I guess I have two Third Places, and neither of them are churches, sadly. My first Third Place is camp. My second Third Place is the JCC. I am in that building at least four times a week. I recognize the people. They recognize me. They know my daughter by name. It’s comfortable there. Both places are comfortable–one from 14 years of going back, and one from just a year and a bit.
There have been different Third Places at different times in my life. Church has definitely been one (and in college, I practically moved into my church). Summer camp was absolutely one for many years. There were times when the theatre at the other high school in town was a Third Place (only one high school had a theatre so we shared). The YMCA was one, too, for a while in high school. There was also a playhouse in the backyard of a neighbor where all of us played when I was a kid. Before Selam came home, there was a *bucks where I’d write sermons all the time–and I don’t even drink coffee!
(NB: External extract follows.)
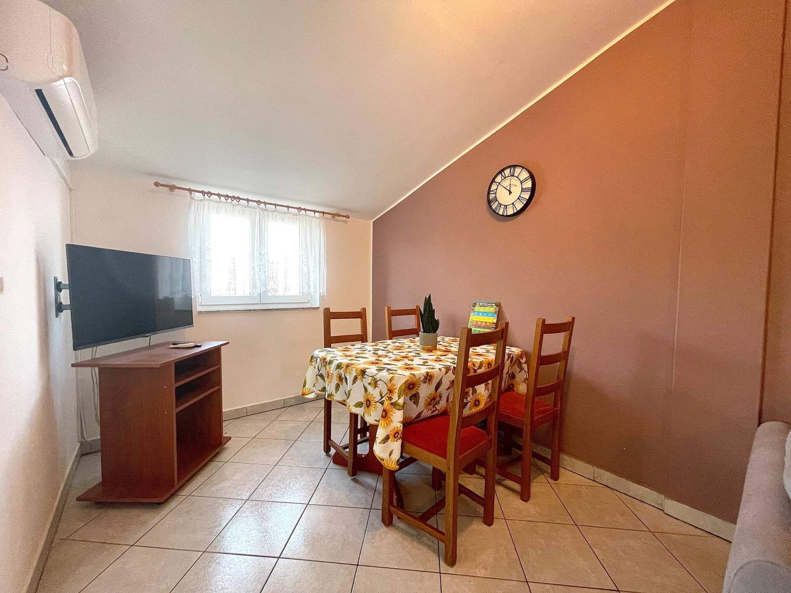 The apartment is equipped with air conditioning, SAT TV and free Wi-Fi.

I would guess that my daughter has the same Third Places as me. She would probably also add this little diner on the way home from the JCC. We’ve been there way too often, and all the employees know her by name and order. She would eat there every day if I let her. The food really isn’t that good. But she considers it home.
I suspect that Third Places are what makes the difference in people’s lives. I suspect that having a place outside of home and work or school–those places where you have affection but also expectations–is the difference between desperately lonely and not so much. I think Third Places create community. But I haven’t read the book yet.
How about you? Where’s your Third Place?